Hab gesehen dass es dort für >=1EUR/Monat 10GByte Platz + SSH + ... + ausführen von Daemon-Programmen möglich ist. Klar, das ganze ist ein shared-server. Aber für kleinere Dinge evtl. gut zu gebrauchen...

Bin gerade dabei das ansatzweise mal zu testen... Hab zwar einen eigenen root, aber für den kleinen Geldbeutel und vor allem für den Linux-Anfänger ist das sicher eine gute alternative. Ist ja quasi wie ein Managed-Server ...

- Alex


----------



## moonermo (15. Okt 2012)

Man sollte dazu sagen, dass der erste Monat vollkommen kostenlos ist Ich teste das gerade auch mal


----------



## tuxedo (16. Okt 2012)

Also Java scheint prinzipiell zu laufen. Hab mal testweise ein Jenkins Standalone installiert. Aber ich komm irgendwie noch nicht drauf. Evtl. Firewall? Mal schauen. Problematisch ist sicher auch, dass man sich mit vielen die IP teilt. Da könnte es in bestimmten Port-Regionen eng werden. Auf der anderen Seite: Wenn man schon einen IPv6 Zugang hat, hat man immerhin eine eigene IP 

- Alex

[EDIT]https://uberspace.de/dokuwiki/brainstorming#ports ... Ports müssen also erst freigeschaltet werden :-([/EDIT]


----------



## troll (16. Okt 2012)

auf jeden fall klingt das ganze doch recht vernünftig ... auch wenn mir nicht ganz einleuchten will ob dieses kommunismus-ähnliche denken in unserer heutigen gesellschaft funktionieren kann (soll keine hetze sein ... bin selbst kommunist) ...
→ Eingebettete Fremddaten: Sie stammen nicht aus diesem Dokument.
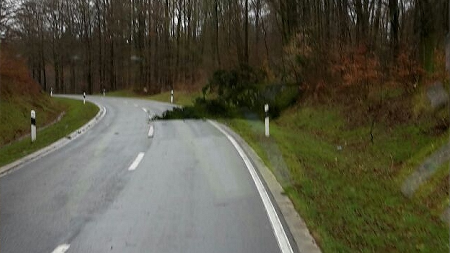 | Kurzbericht: | Umgestürzte Tanne halbseitig auf Fahrbahn |
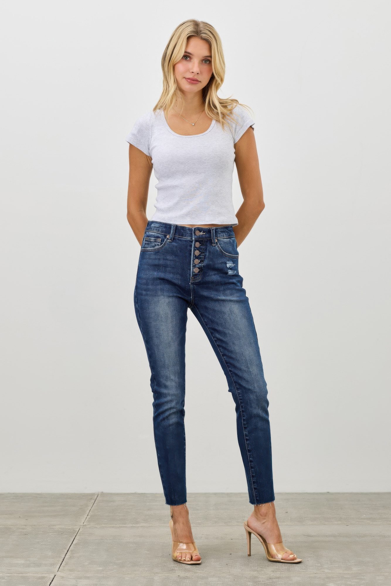 Product Description: Sleek and form-fitting, these high rise ankle skinny jeans are designed to hug your curves with all-day comfort and a modern finish. Made from a soft, stretch-blend fabric, they offer flexibility without losing their shape. The high-rise waist flatters and supports, while the exposed button fly adds a stylish, vintage-inspired touch. Cropped just at the ankle, they pair perfectly with everything from heels to sneakers. A wardrobe staple for clean, elevated denim looks. Product Details: 93% Cotton, 5% Polyester, 2% Spandex High-rise waist with exposed button fly Stretch fabric for a comfortable, body-hugging fit Ankle-length skinny silhouette Classic five-pocket styling Versatile for casual or dressed-up outfits Size Guide: For accurate sizing guidance, please review our size chart available on the website. Shipping and Returns: Fast Shipping: We offer speedy delivery to your doorstep. Hassle-Free Returns: If you’re not completely satisfied, our flexible return policy ensures your peace of mind.

auch scheint es als ob man sich dort bewusst auf eher kleinere user-gruppen versteht ... auch für kleine entwickler ist genug dabei ...

was viele freuen wird : XEN
im netz findet man für vServer angebote großteils virtuozzo ... und es ist bekannt das sich virtuozzo und java nicht vertragen ... hab es selbst erlebt ...

die politik wie reosurcen und limits gehandhabt werden klingt zwar in der erklärung schön, ich kann mir aber nicht wirklich vorstellen das dies mit der preis-politik wirklich so hinhaut ... müsste man mal eine größere "kunden-"gruppe zusammenfinden und denen mal ein paar erfahrungen aus den rippen leiern ...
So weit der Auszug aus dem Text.